IE6, IE7, IE8, IE9 vulnerability of XML tangled information leakage will not be fixed

ByWolfgang Lonien

User transition to IE 10 among IE family seems steadily progressing, but today the vulnerability of information leakage became clear to IE 6 ~ IE 9. It is said that this vulnerability is not planned to be modified, JVN providing vulnerability information and its countermeasure recommends upgrade to IE 10 for the relevant user.

JVN # 63901692: Information leak vulnerability in Internet Explorer
http://jvn.jp/jp/JVN63901692/


Internet Explorer has a problem with XML file handling, so when opening a specially crafted XML file as a local file, there is a possibility that contents of another local file may be leaked.

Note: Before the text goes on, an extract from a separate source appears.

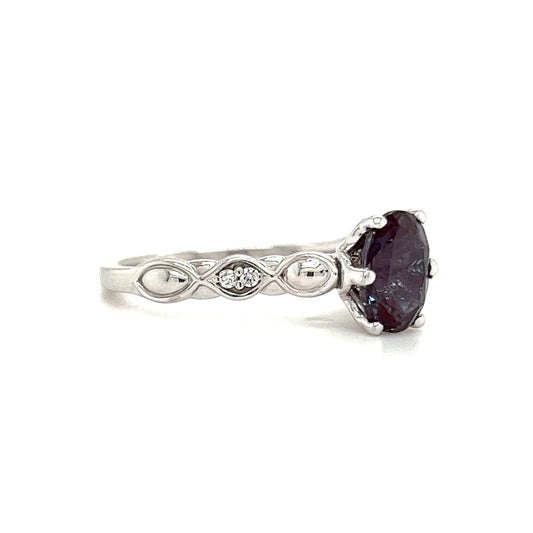 10k White Gold Oval Center Stone Ring with Four Side Diamonds

Since the attack is not established unless the user operates "Open XML file as local file", the evaluation value of user involvement is "medium", but it is possible to attack via the Internet, In addition, since it does not require authentication at the time of attack and can attack even without expert knowledge, the risk is considered highly high.


As a workaround, we can alleviate the influence by "Do not save untrusted files on local disk", but Microsoft said there are no plans to fix this vulnerability with any IE. It seems that we are vulnerable at this timing and that Microsoft does not deal with it is a way to encourage the transition, but since Windows 7 or later - Windows Server 2008 R2 or later Windows is used It is safe for people who have upgraded to Internet Explorer 10 promptly.

Furthermore, according to the findings of the other dayThe share of IE 6 is 6.03%, the share of IE 7 is 1.78%, the share of IE 8 is 22.99%, the share of IE 9 is 15.39%As it is said, the scope of influence is likely to be quite wide.